New codes in the International Classification of Diseases, Ninth Revision, Clinical Modification (ICD-9-CM), include important changes for speech-language pathology diagnoses related to fluency disorders and cognitive communication.
The changes appear in 2010 ICD-9-CM addenda that become effective Oct. 1, 2010.
The new fluency codes follow extensive lobbying by ASHA (The ASHA Leader, Nov. 25, 2008). The fluency proposal was first presented at the ICD-9-CM Coordination and Maintenance Committee meeting in September 2008 and a revised proposal was presented at the September 2009 meeting (details about the presentations are available at CMS's web site).
Following negotiations on the best placement of the fluency codes, the final revised proposal was presented in March 2010; it recommended additions and revisions to the ICD-9-CM to "better capture the nature and description of fluency disorders."

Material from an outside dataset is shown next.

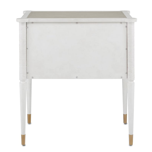 Made of mahogany and oak in a mix of Off White and Fog finishes, the Aster Nightstand was inspired by an antique from the Winterthur Museum. The gray and white nightstand has two drawers on which the brass pulls are warm accents in a brass finish. We also offer the Aster as a desk as part of our Winterthur Collection.
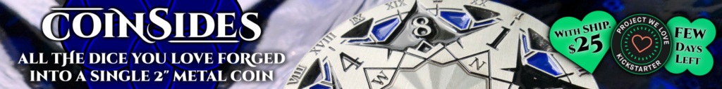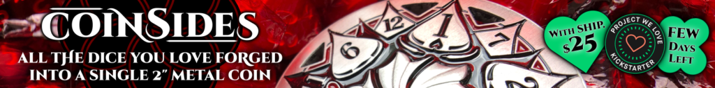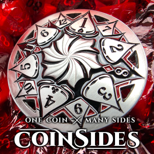 | Text | CoinSides is a stunning, multi-functional, and easy-to-use $25 LUXURY GAMING ACCESSORY that forges all the dice you love into a beautiful 2" metal coin. We are proud to launch this CoinSides Kickstarter campaign with an ALL IN approach. Every product includes shipping, retail quality packaging, a screen printed velvet drawstring bag, and a metal marker to help track stats. CoinSides has perfectly balanced D4, D6, D8, D10, D12, and D20 dice merged into a single coin and can be used as a 1-50 Life Counter (MtG), first player marker, jewelry, and more. All pledges are limited and close on November 15th. |

ASHA presented the final recommendations for the fluency coding revision in collaboration with the American Psychiatric Association. Nan Bernstein Ratner led the effort with support from the ASHA Health Care Economics Committee. The addenda include the following changes:
- 307.0—Under the new regulations, ICD-9-CM 307.0 will no longer be used as the default code for stuttering. Instead, 307.0 will be used to describe adult-onset fluency disorder not caused by stuttering that arises from other well-described organic conditions, such as stroke or Parkinson's disease. In effect, the 307.0 will be used to identify stuttering that may be "psychogenic" in origin.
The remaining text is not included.